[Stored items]
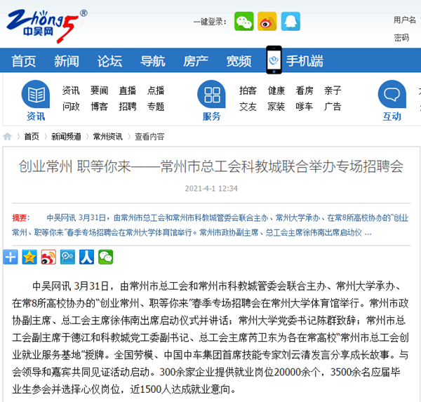 3月31日,由常州市总工会和常州市科教城管委会联合主办、常州大学承办、在常8所高校协办的“创业常州、职等你来”春季专场招聘会在常州大学体育馆举行。常州市政协副主席、总工会主席徐伟南出席启动仪式并讲话;常州大学党委书记陈群致辞;常州市总工会副主席于德江和科教城党工委副书记、总工会主席芮卫东为各在常高校“常州市总工会创业就业服务基地”授牌。全国劳模、中国中车集团首席技能专家刘云清发言分享成长故事。与会领导和嘉宾共同见证活动启动。300余家企业提供就业岗位20000余个,3500余名应届毕业生参会并选择心仪岗位,近1500人达成就业意向。
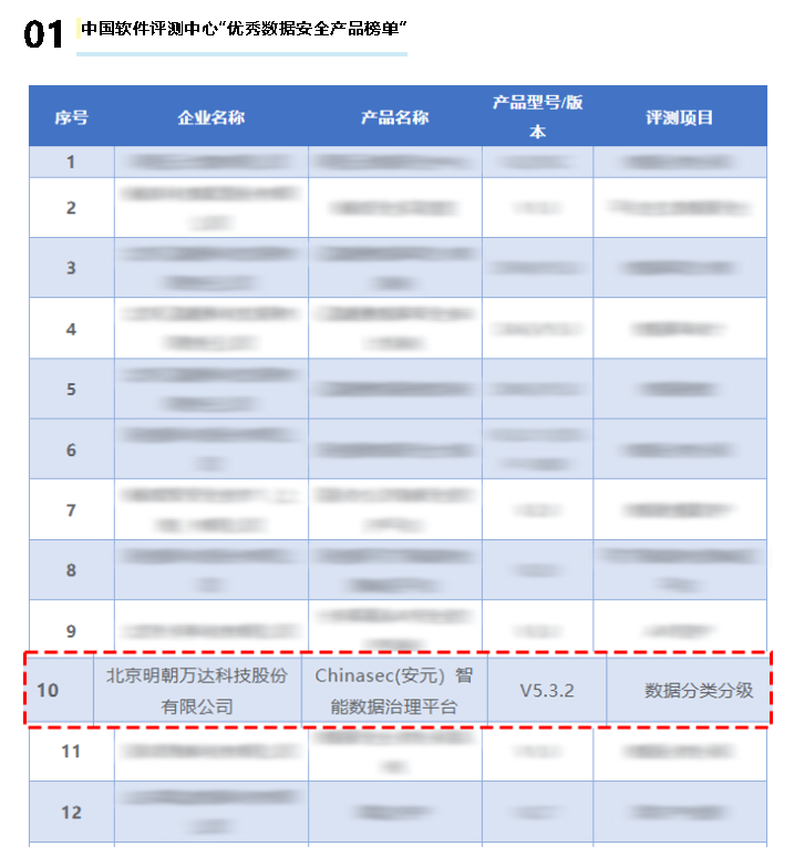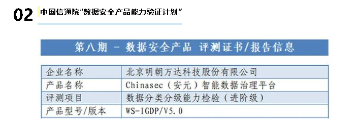 近日,明朝萬達“Chinasec(安元)智能數據治理平臺”先后通過中國軟件評測中心數據安全產品檢測及中國信通院數據安全產品能力驗證,成功入選優(yōu)秀數據安全產品榜單,榮獲評測證書。
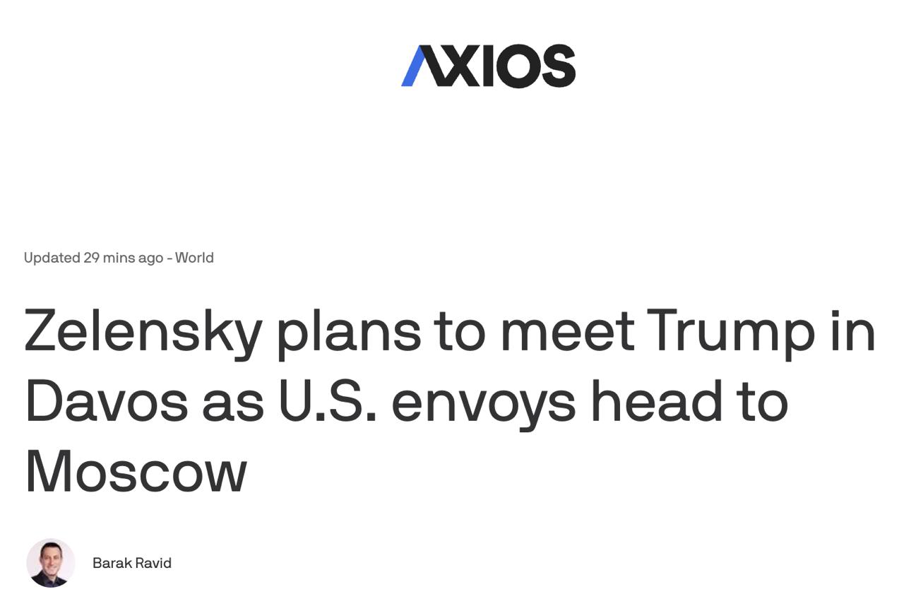 По данным Axios, встреча Зеленского и Трампа состоится завтра в Давосе. Об этом изданию сообщил украинский чиновник.
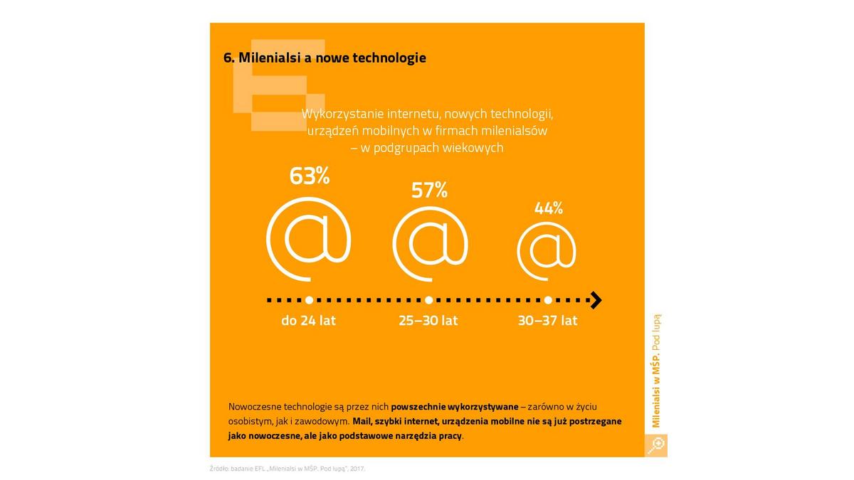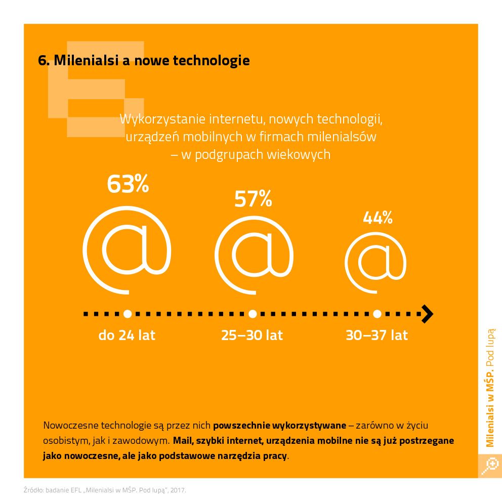 EFL w badaniu „Milenialsi w MŚP. Pod lup?” poprosił przedsiębiorczych Y, aby sami sprecyzowali, co rozumiej? pod pojęciem nowoczesnych technologii nie czytaj?c możliwych odpowiedzi. Co ciekawe, 12 proc. badanych wskazało, że w pracy nie wykorzystuje nowoczesnych technologii, a kolejne 15 proc. odpowiedziało, że nie wie. Wśród pozostałych rzuca się w oczy tradycyjne rozumienie tego pojęcia. Blisko połowa wskazywała na wykorzystywanie w pracy sprzętu komputerowego, telefonów komórkowych i narzędzi internetowych – najczęściej maili. Blisko co trzeci korzysta ze specjalistycznych maszyn oraz zaawansowanych programów i aplikacji. Rzadziej wskazywano na technologie czerpi?ce z IT takie jak nawigacja (np. w traktorach), monitoring, karty automatyczne (np. wstępu) czy wreszcie terminale płatnicze.
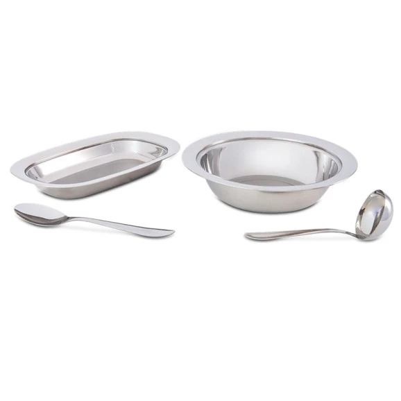Conteúdo: 4 peças - 1 Travessa Retangular 35x24x6,2cm / 1 Travessa Redonda Ø28x8cm / 1 Colher para Arroz 25cm / 1 Concha para Feijão 21cm -
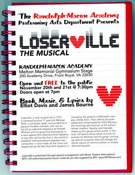 On Wednesday, November 20th, and Thursday, November 21st, Randolph-Macon Academy’s Performing Arts Department will present its 2019 fall production of Elliot Davis’ and James Bourne’s musical, Loserville. The musical, which will take place in Melton Memorial Gymnasium on the R-MA campus in Front Royal, is open to the public, and it is free. The doors open at 7:00 p.m., with the two-hour play (including intermission) beginning at 7:30 p.m.
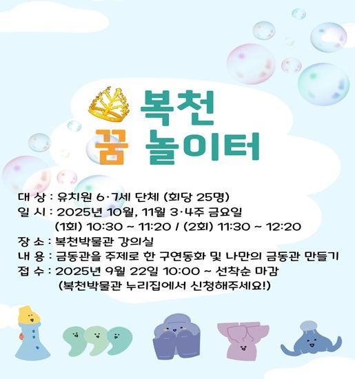 참가 신청은 9월 22일 오전 10시부터 복천박물관 누리집을 통해 할 수 있으며, 선착순으로 마감된다.
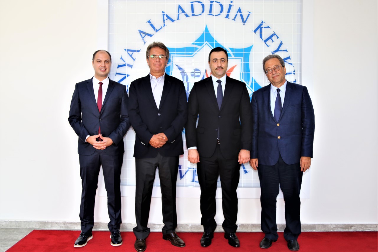 Alanya Hamdullah Emin Paşa Üniversitesi (AHEP) Rektörü Prof. Dr. Mehmet Durdu Öner, Mütevelli Heyeti Başkanı Hilmi Tokuş ile Genel Sekreter Dr. Öğr. Üyesi Murat Ertan Doğan, Alanya Alaaddin Keykubat Üniversitesi (ALKÜ) Rektörü Prof. Dr. Ekrem Kalan’ı makamında ziyaret ederek hayırlı olsun dileklerini ilettiler.
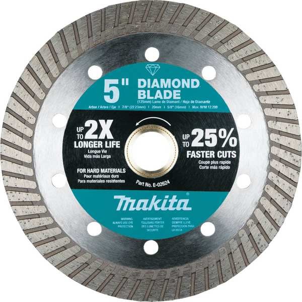Diamond Saw Blade, Blade Dia. 5 in, Arbor Size 5/8 in, 20 mm, 7/8 in, Arbor Shape Round, Max. Blade Speed 12,200 RPM, For Use With Saw Type Angle Grinder, Cut-Off Saw, Cutting Type Wet/Dry, Rim Type Turbo, Primary Material Application Concrete; Granite; Fire Brick; Stone, Materials Cut Concrete, For Use On Concrete Type Fire Brick, Granite, Stone, Grade Premium, Blade Material Diamond
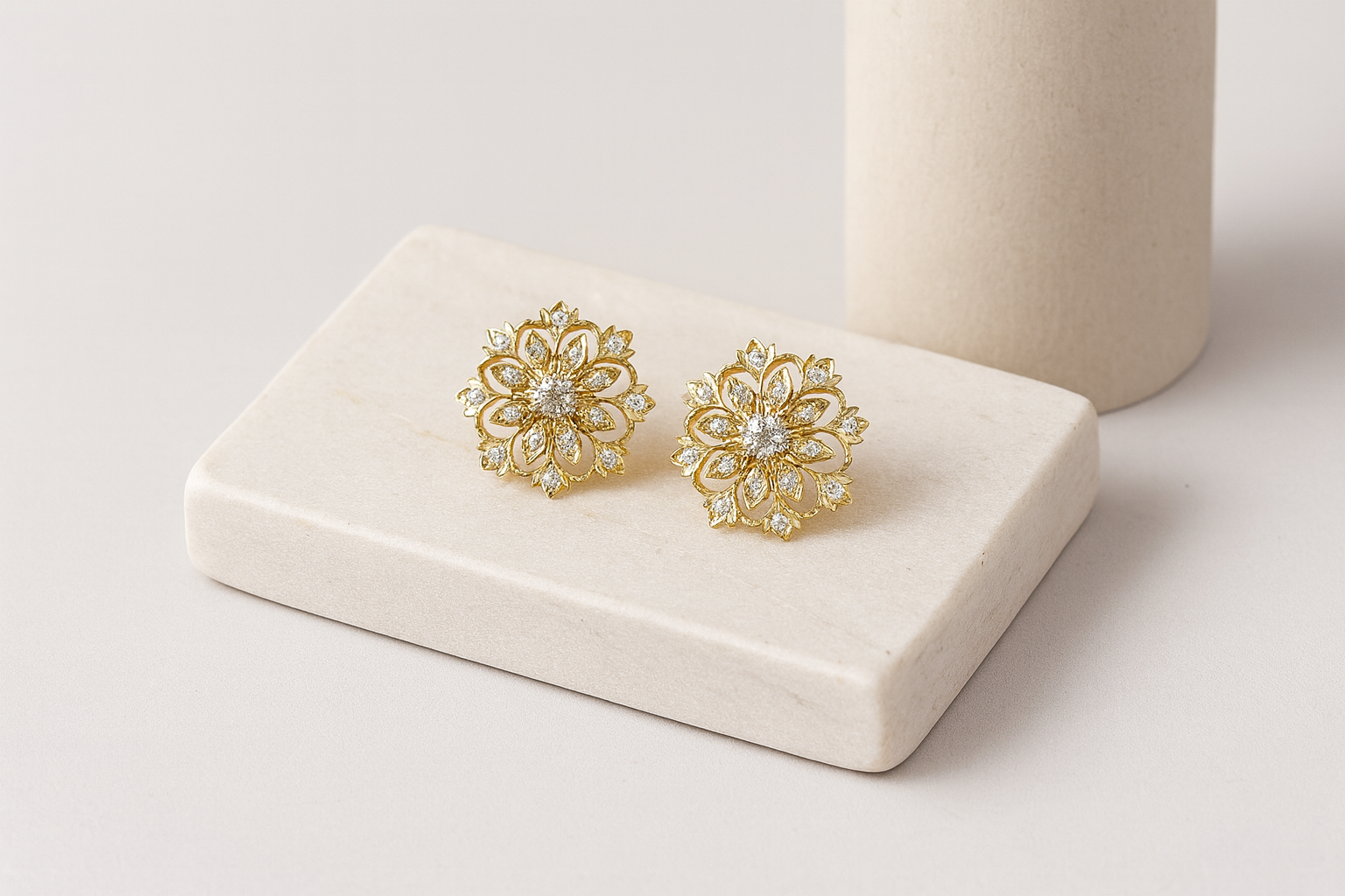 750 Y/G Peranakan Natural Diamond Ear Stud "Flower" – Heritage Craftsmanship Shines with Timeless Sparkle

▶ Action item
All lines from the start of the entries above through the line containing "По данным Axios, встреча" are to be given again exactly; the pictures are not.

▶ Solved exercise
 3月31日,由常州市总工会和常州市科教城管委会联合主办、常州大学承办、在常8所高校协办的“创业常州、职等你来”春季专场招聘会在常州大学体育馆举行。常州市政协副主席、总工会主席徐伟南出席启动仪式并讲话;常州大学党委书记陈群致辞;常州市总工会副主席于德江和科教城党工委副书记、总工会主席芮卫东为各在常高校“常州市总工会创业就业服务基地”授牌。全国劳模、中国中车集团首席技能专家刘云清发言分享成长故事。与会领导和嘉宾共同见证活动启动。300余家企业提供就业岗位20000余个,3500余名应届毕业生参会并选择心仪岗位,近1500人达成就业意向。
 近日,明朝萬達“Chinasec(安元)智能數據治理平臺”先后通過中國軟件評測中心數據安全產品檢測及中國信通院數據安全產品能力驗證,成功入選優(yōu)秀數據安全產品榜單,榮獲評測證書。
 По данным Axios, встреча Зеленского и Трампа состоится завтра в Давосе. Об этом изданию сообщил украинский чиновник.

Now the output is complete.